Very few people have asked how Donald Trump, a man of 74, gets the coronavirus and exits hospital within a couple of days.
I reckon if I contracted the virus, I’d be off to my GP seeking Australian gastroenterologist Professor Thomas Borody’s “triple therapy”. It’s said to consist of:-
- A dose of IVERMECTIN i.e. 3 mg tablets approved for the treatment of worms and lice; based on 0.2 mg for each kilogram of your body weight.
- DOXYCYCLINE An approved antibiotic. 100 mg tablet for 10-15 days
- ZINC tablets 25 mg twice daily.
Prof Borody says if the doctor isn’t initiated in the therapy–there are plenty who are–people should get him or her to email firstname.lastname@example.org.
In contrast to “Occam’s Razor”, however, we’re very sceptical of simple solutions these days. That’s a good starting point in examining any question, but maybe we go a bit too far in believing “there are no simple solutions”?
In fact, self-interest always seem to find a way to deny there is such a thing as a remedy when it affects the self-interested. Maybe that explains why we’re currently confronted with a mounting number of existential crises? We seem to major on trying to deal with all these adverse outcomes, rather than applying a remedy to underlying causes. And it seems we’re just as sceptical of causes as we are of cures.

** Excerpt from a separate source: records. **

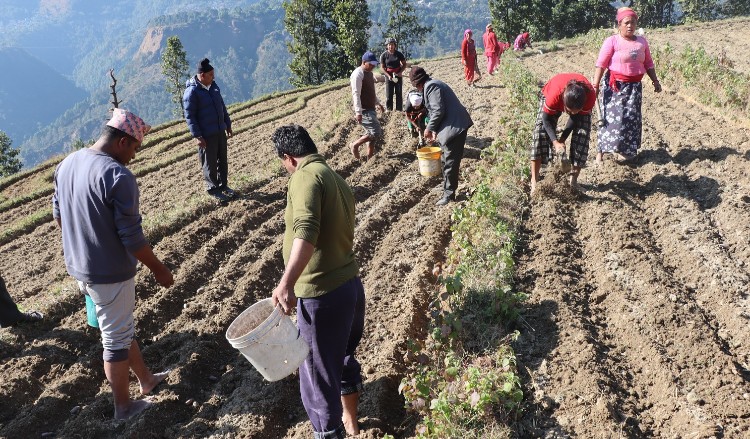 जलजला–बाँसबोट कृषक समूहका सचिव कमलनयन आचार्यले ८० रोपनी खेत भाडामा लिएर १६ जनाले सामूहिक बीउका लागि आलुखेती सुरु गरिएको जानकारी दिनुभयो । किसानले व्यक्तिगत रूपमा ५० बोरा र समूहले ११५ बोरा आलु रोपेका उहाँले बताउनुभयो ।
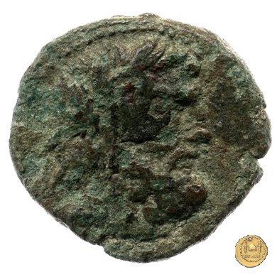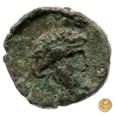 Maschera barbata di Sileno a destra, con corona di edera. Dietro tre globetti.
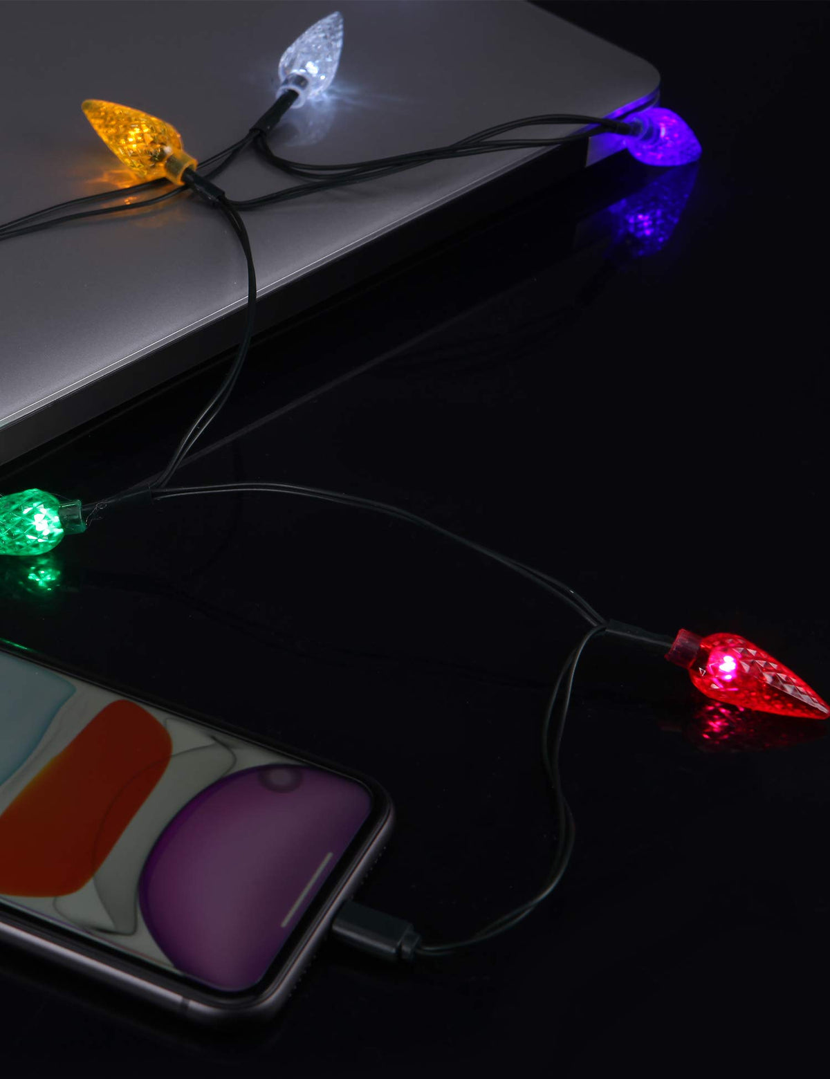 Ten Different Led Lights Which Shaped Like A String Of Classic Christmas Lights Will Shine When It Is Charging.
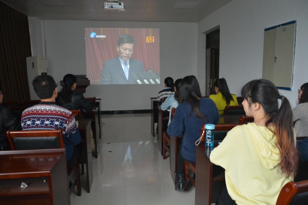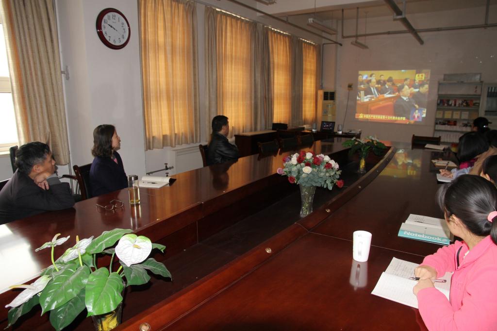 校党委副书记马超和党群机关党总支、行政机关党总支机关的全体党员在办公楼第三会议室一同收看了开幕式,各基层党委、党总支、直属党支部组织广大党员通过电视、网络收听收看了开幕式直播实况。不少学生通过手机收看了大会开幕式直播,也有学生自发聚集在宿舍,通过电脑集体收看开幕式。

One hundred and forty-one year ago, the American economist-social philosopher Henry George showed that the returns to labour and capital are what’s left after the rent of land, a surplus, is taken from production. It’s a very simple proposition. George said if we’re to have an economy of abundance, and labour and capital are to receive their rightful reward, we need to capture the publicly-generated rent of land. Failing to do this, land rent will be privately capitalised into land prices which reduce the returns to labour and capital, even before we tax them. George’s remedy became known as “the single tax”, and these days we scoff at it without examination.
Henry George’s name was on everybody’s lips, having forecast the 1893 depression and having died as it ended in 1897. His progressive and conservative supporters came to be elected to public office across the English-speaking world during the Progressive Era to 1920, with the aim of putting an end to the graft, corruption and speculative real estate excesses that had characterised the 1880s. They became a political force to be reckoned with in capitalism’s most successful period.
Although their efforts fell well short of full adoption of the Georgist program, it went a long way. During the period, Georgist Keir Hardie founded the UK Labour Party, serving as its first parliamentary leader from 1906 to 1908; the British Liberal Party brought down the People’s Budget of 1909 which featured a land tax; an Australian federal land tax was introduced by Henry Georgist Labor Party Prime Minister, Andrew Fisher in 1910: and, in 1913 Australia’s capital city, in the Australian Capital Territory founded on a land rent system, was formally named ‘Canberra’.
But economies started going back to their rent-seeking ways in the 1920s once John Bates Clark’s neoclassical economics, fudging the incomes to land and capital together, had established firm roots in academia. Mason Gaffney’s Neoclassical Economics as a Stratagem against Henry George makes the point that “JB Clark’s bibliography includes at least 24 works directed against George, over a span of 28 years.” Neoclassical economics and its sub-set, neoliberal economics, have done their jobs well in killing off the name of Henry George and his remedy. Karl Marx’s name resonates more today.
Thus, dear reader, do we continue to this day to have the rentier virus which continues to infect capitalism.